This week's book giveaway is in the General Computing forum. We're giving away four copies of Arduino in Action and have Martin Evans, Joshua Noble, and Jordan Hochenbaum on-line! See this thread for details.
What is the difference between a servlet and a restful webservice,in terms of 'can do' and 'cant do'.
I believe Restful WS dilutes a lot of the bootstrapping available with SOAP-based WS like QoS,state,security,contract etc.
Then what does it provide over a normal servlet?
What design criteria should decide that I prefer a Restful WS over a generic servlet-based web module?
Secondly,What would frameworkds like Jersey,Restlet provide over a generic servlet,except perhaps an ease of development.
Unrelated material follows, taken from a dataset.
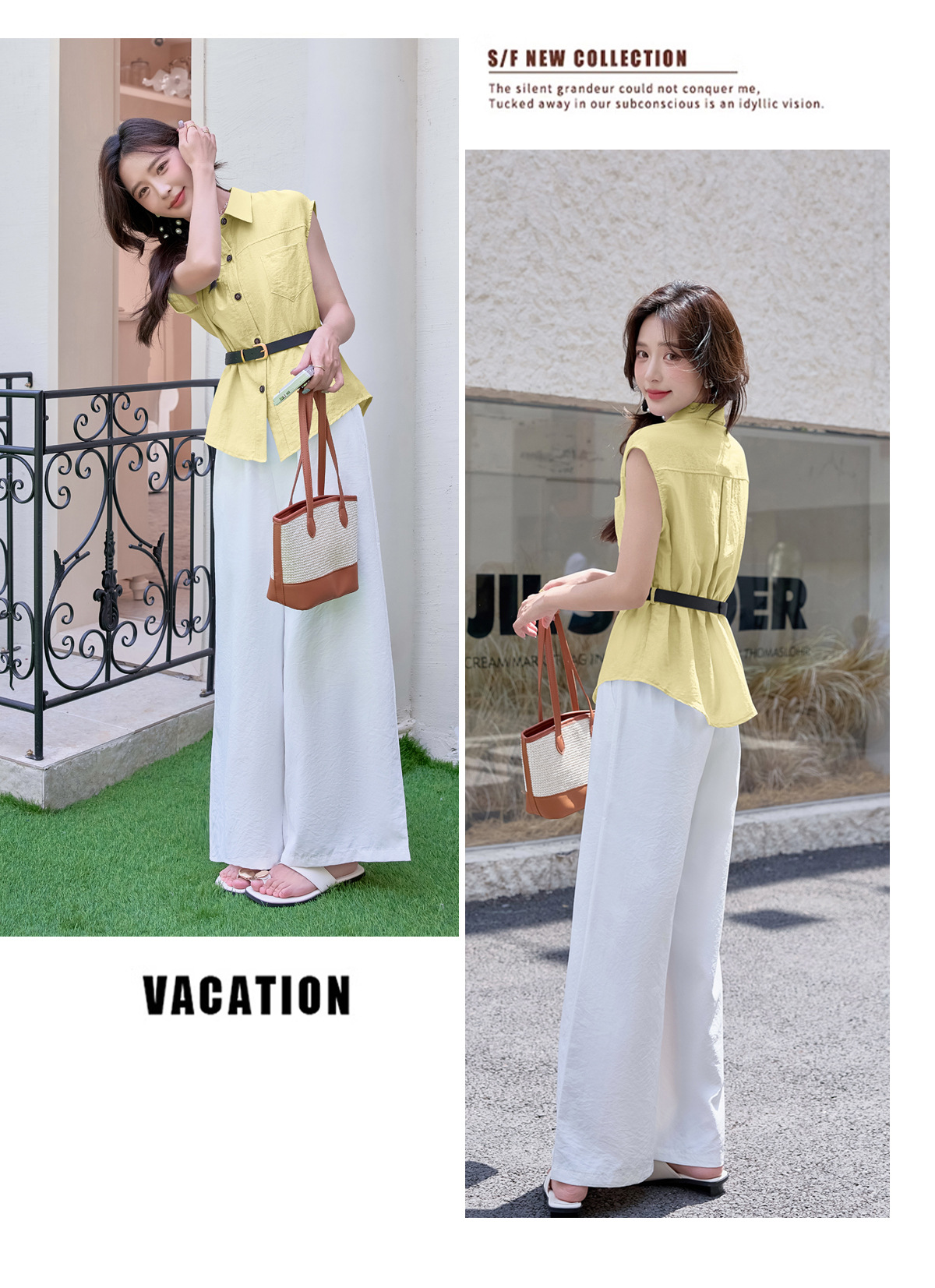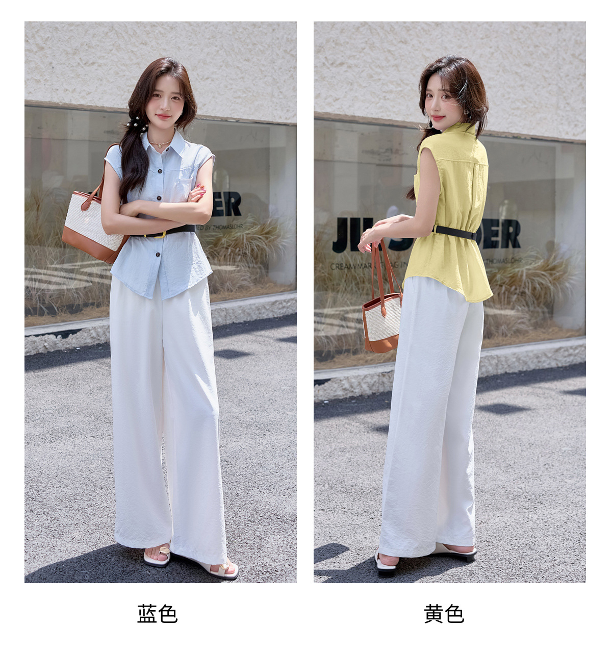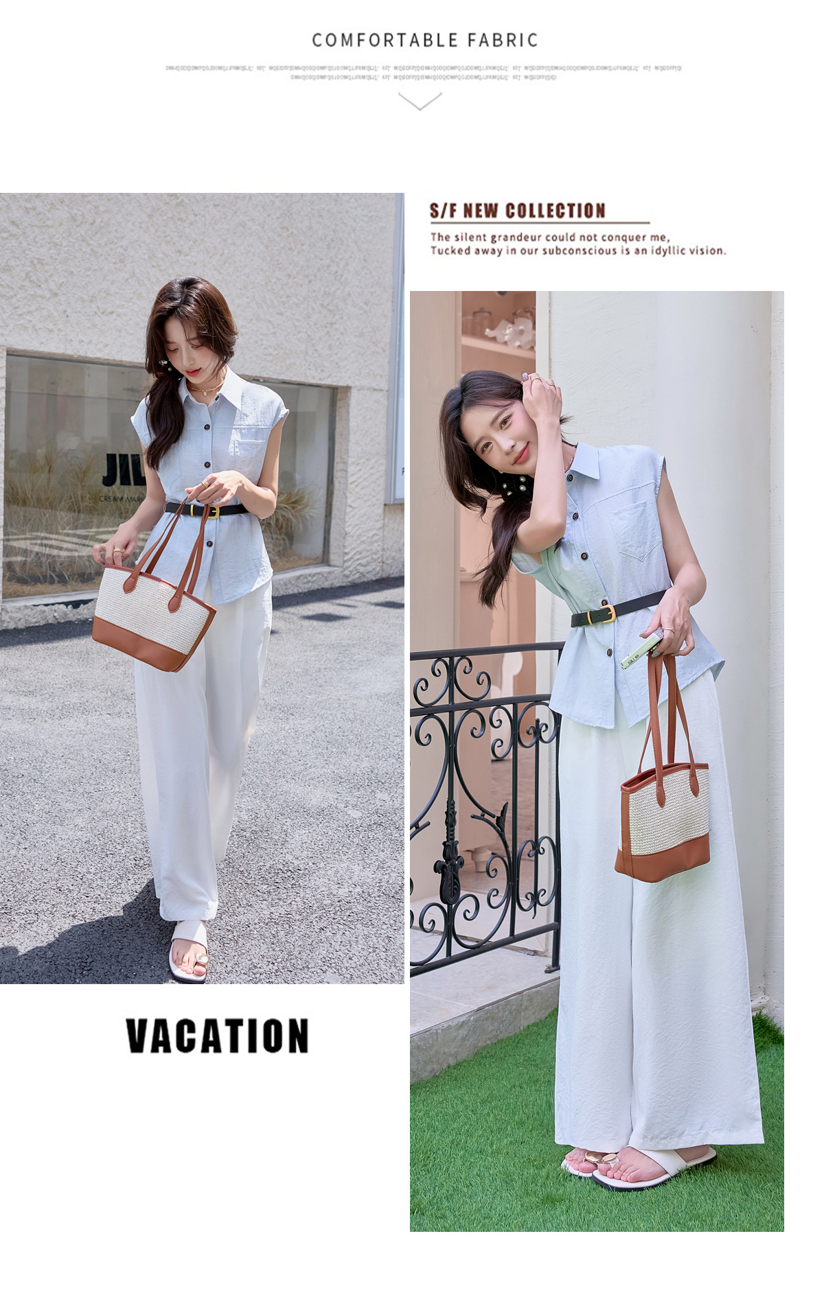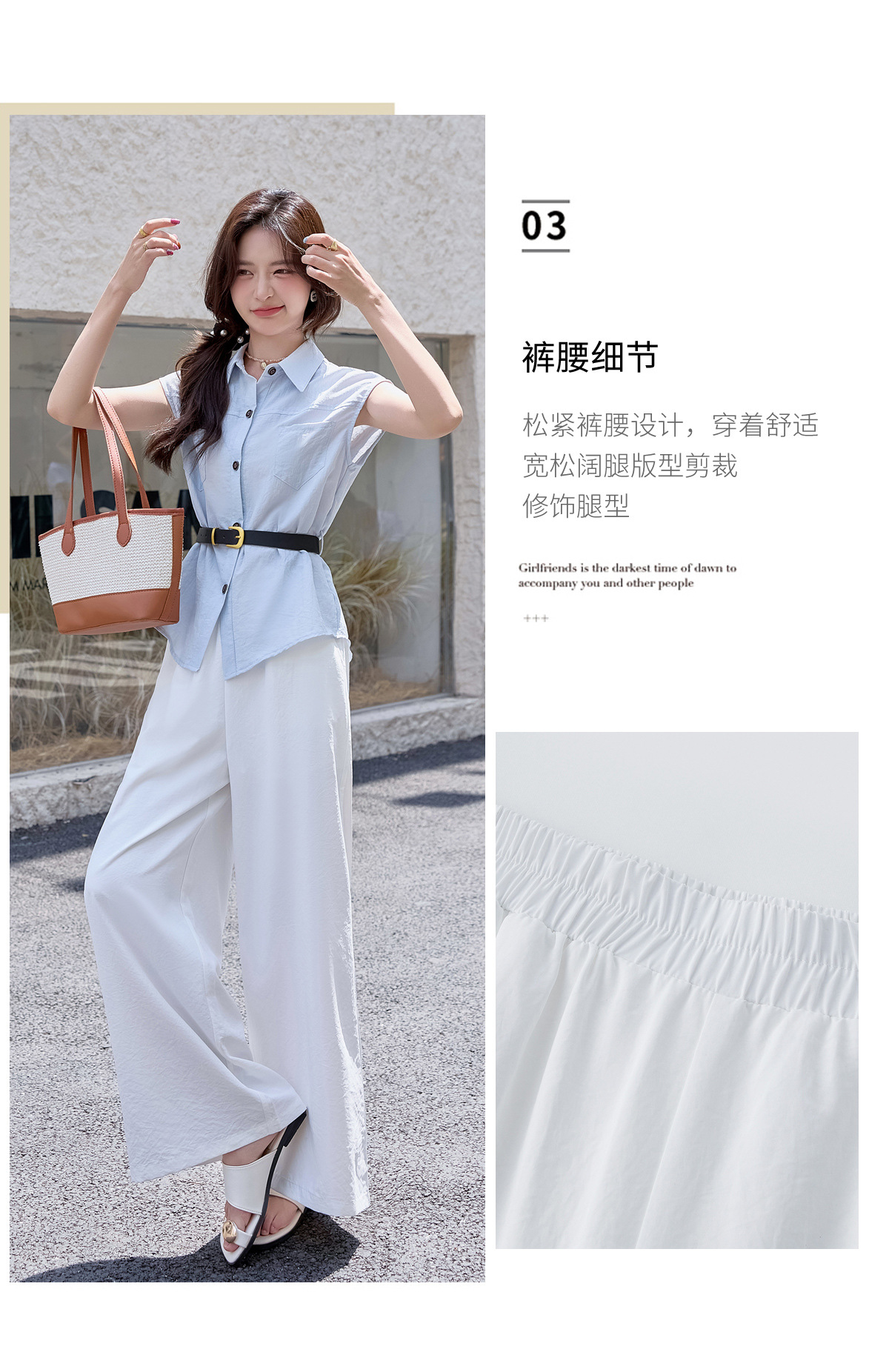 2025夏季新款清纯系夏日穿搭时尚套装女无袖上衣高腰阔腿裤两件套NSYY66111

The differences are very subtle for me - so would appreciate if someone had insights.
Hi!
Wikipedia has a quite good article on REST: http://en.wikipedia.org/wiki/Representational_State_Transfer I recommend at least taking a look at the key goals and constraints section.
REST is an architectural principle; by adhering to the constraints, one can reach the (key) goals.
You can do whatever you want to do, but if you do not adhere to the constraints then you will be less likely to reach the goals.
Best wishes!
Leon Omk wrote:For me, restful web service is just "annotated" servlet, accepting http request and replying http response!
REST is based on using all HTTP methods -which include PUT and DELETE-, so thinking about REST in terms of servlets -which almost exclusively use GET and POST only- does not get at their full capabilities, nor at the actual RESTful architecture style.
And does resful web service provide "java client"?
The service is a service, not a client. Any particular REST implementation -like Jersey- may provide tools or APIs for accessing REST services (and Jersey does so).